Fountain Selected Meat (Sales) v Internationial Produce Merchants Pty Ltd (1988) 81 ALR 397, applied.COUNSEL:
R G Bain QC for the applicant/defendant
R J Clutterback for the respondent/third plaintiffSOLICITORS:
Deacons for the applicant/defendant
Allen Allen & Hemsley for the respondent/third plaintiff
This is an application by the defendant to dismiss the third plaintiff’s claim as an abuse of process. The basis of the application is that the claims made by the third plaintiff in this proceeding are the same as those previously made by it in a proceeding in the Federal Court. The applicant submits that the principle of res judicata prevents the re-litigation of those issues.
The respondent’s submission is that, because there was no hearing on the merits in the Federal Court, the principle is not applicable.

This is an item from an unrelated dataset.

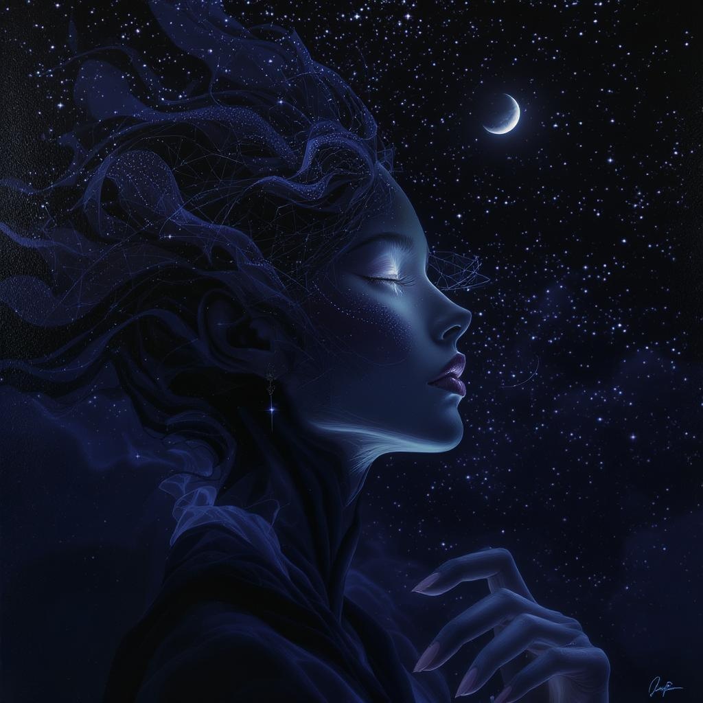 Ultra detailed artistic photography, midnight aura, starlit sky, captivating face, ethereal glow, dreamlike, luminous, backlit, elegance, shimmer, shadows, oil painting effect, smooth brush strokes, ultra high definition, 8k, unreal engine 5, ultra sharp focus, art by Alberto Seveso, Artgerm, Loish, San Francisco, intricate masterpiece, mysterious, cinematic matte painting poster, golden ratio, trending on CGSociety, complex, epic, trending on ArtStation, by Artgerm, H. R. Giger, and Beksinski, highly detailed, vibrant, production cinematic character render, ultra high quality.

The respondent/third plaintiff conducted a retail fishing supplies business on the Sunshine Coast in late April 1995. Its premises and stock in the premises were damaged by spillage of incendiary material which had been placed in the ceiling of the shop by someone. The applicant/defendant was the respondent/third plaintiff’s insurer under a policy of business insurance issued in July 1995. The respondent claimed on the insurance in respect of the damage and consequential loss, and the applicant rejected the claim.

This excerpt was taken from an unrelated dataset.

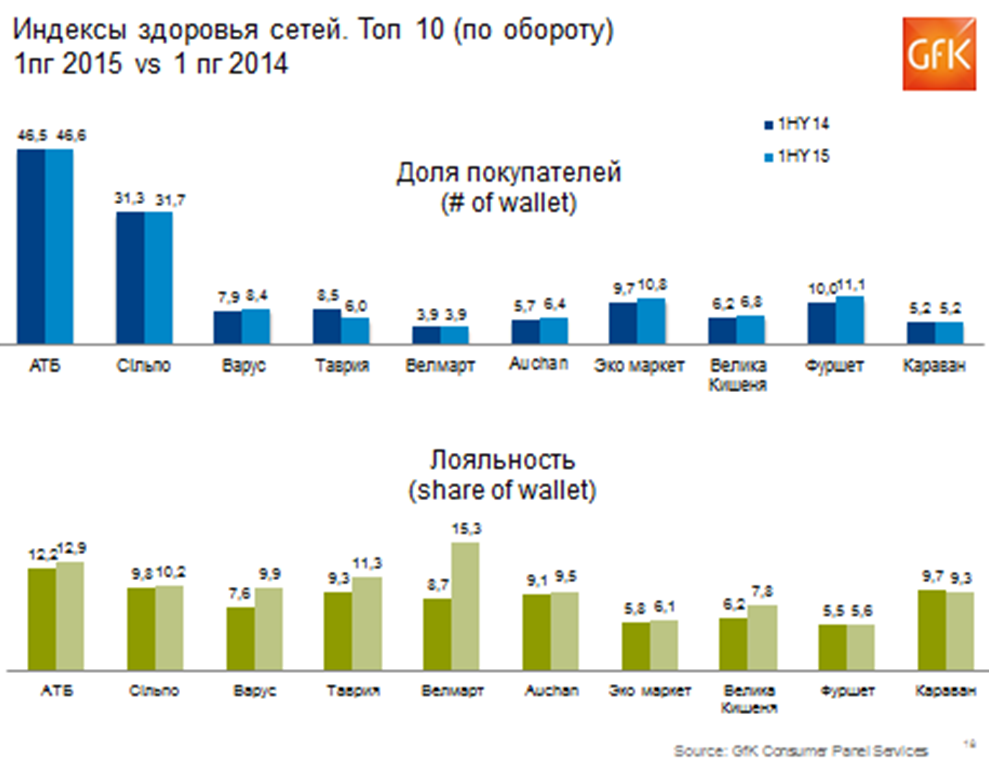 Меньшее количество украинцев стало покупать в супермаркетах (что связано и с объективными трудностями, с которыми столкнулись некоторые игроки, представленные в этом формате в зоне АТО и прилегающих к ней районах) и Cash & Carry. Как результат, эти форматы потеряли свою долю рынка. Тем не менее таким сетям, как «Брусничка», Varus, «Велика Кишеня», «Вопак», Novus, «Сільпо» и «ЭКО маркет», удалось даже увеличить свою долю рынка.

In 1997 the respondent commenced proceedings against the applicant in the Federal Court. Those proceedings came on for trial before Justice Dowsett on 3 April 2002. The respondent sought an adjournment unsuccessfully. The next day it renewed the application for an adjournment, again unsuccessfully. Its counsel then withdrew. The trial proceeded with no evidence being offered by the respondent (the applicant in those proceedings). The claim was dismissed. There was an unsuccessful appeal to the Full Court of the Federal Court.

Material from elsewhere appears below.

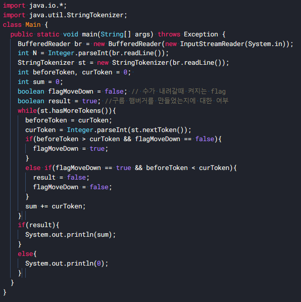 이번 구현 문제는 수가 오름차순이었다가 내림차순으로 바뀌는데 다시 오름차순으로 변하는 지 알아내는 문제이다. 이 문제를 flag 변수를 활용해서 풀었다.
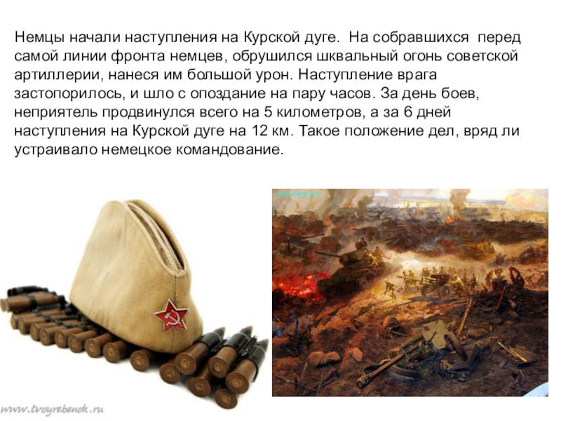 Слайд 21Немцы начали наступления на Курской дуге. На собравшихся перед самой линии

I am satisfied that the issues raised by the respondent/third plaintiff in the present proceeding are the same as issues it raised in the Federal Court proceeding. Suffice it to quote from the submissions of counsel for the applicant:-
“6.On 30 April 2001, D’Anglers (and the Loieros) commenced this action. This action replicates the claims dismissed in the Federal Court. Such differences, even of language, as exist between this action, and that raised by D’Anglers in the Federal Court, are minor and immaterial. It is not necessary to catalogue those minutely. The following are salient.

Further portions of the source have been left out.